Jules had to agree. Even the Yanks, who may have had pistol club or hunting experience, would never have shot at another human being – and crucially, would never have been shot at. The decks were still heaving all over the place, and she knew from personal experience that firing from one unstable platform at another usually meant missing your target. Sergeant Shah was right: best to just throw up a wall of lead.

‘Okay,’ she agreed. ‘Your guys and Miguel will need to run those teams, otherwise we’ll fire off all of our ammo and hit nothing but waves and sky. What about the crew and your chaps? What’s happening with them?’

Shah looked behind him to where Corporal Birendra was instructing the Mexican children in how to reload an M16 magazine. He was making a game of it, laughing and clapping along as they pushed the rounds in. Jules shook her head sadly. What a sight.

‘We have spent much time on this, Miss Julianne,’ the sergeant assured her. ‘I will lead the reaction force. We will have the heavy weapons, including the rocket launchers. Three RPG7s and eight warheads, deployed from the upper decks. Depending on how the enemy attempts to effect their boarding, we shall use them to interrupt the assault or interdict any heavy-weapon crews on the Viarsa 1.’

‘Fifi’s gonna be pissed off,’ replied Jules with a smile. ‘She loves rocket launchers.’

‘Miss Fifi will lead the fire team composed of crew members. She will also suppress any heavy-weapons fire from the Viarsa with her machine-gun. The crew I have divided up according to their levels of competence. She will take the best of them as a reserve, holding the pool deck and providing cover over the aft sections. If needed, they have been trained to split into two sections, one to hold the pool level and the other to be deployed as needed.’

‘Okay. Sounds like a plan,’ agreed Jules, slightly encouraged.

‘What about those kids, though?
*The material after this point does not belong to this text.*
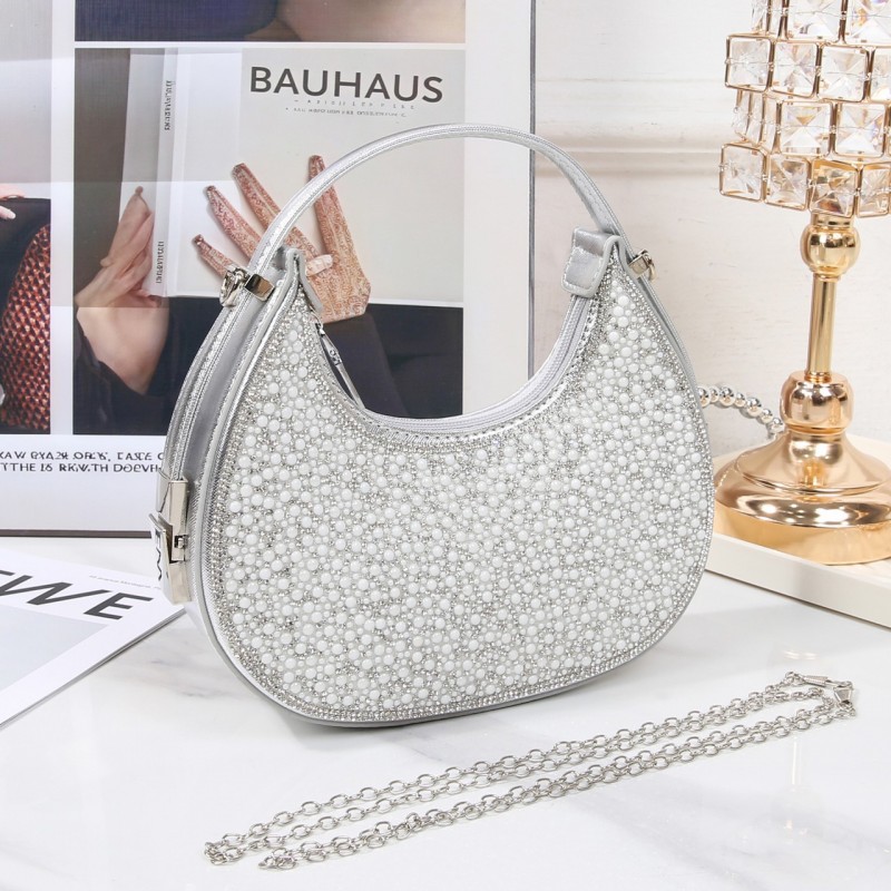 JD143 حقيبة سهرة لامعة مرصعة باللآلئ

I’m really not comfortable having children in the thick of it.’

Shah shook his head, frowning gravely. ‘It is a bad business, Miss Julianne. But unavoidable. They cannot run away, not in this sea state, and they are very useful. Birendra has trained them well to load and to clear blockages. They know to keep their heads down. And Miss, remember too, they are not spoilt little brats – they are village children, from the edge of the desert. They have all worked from their earliest days, and their lives have been hard, sometimes violent. They will be scared, but I think they will endure the battle more calmly than some of the others.’

She rolled her eyes. ‘I know what you’re talking about, Sergeant. I’m really worried about some of my bigger dilettantes just going to pieces.’

The deck dipped sharply as they slid over another crest. One of the kids that Birendra was teaching rolled himself into a ball and tumbled across the thick woollen carpet in the empty lounge, squealing with laughter.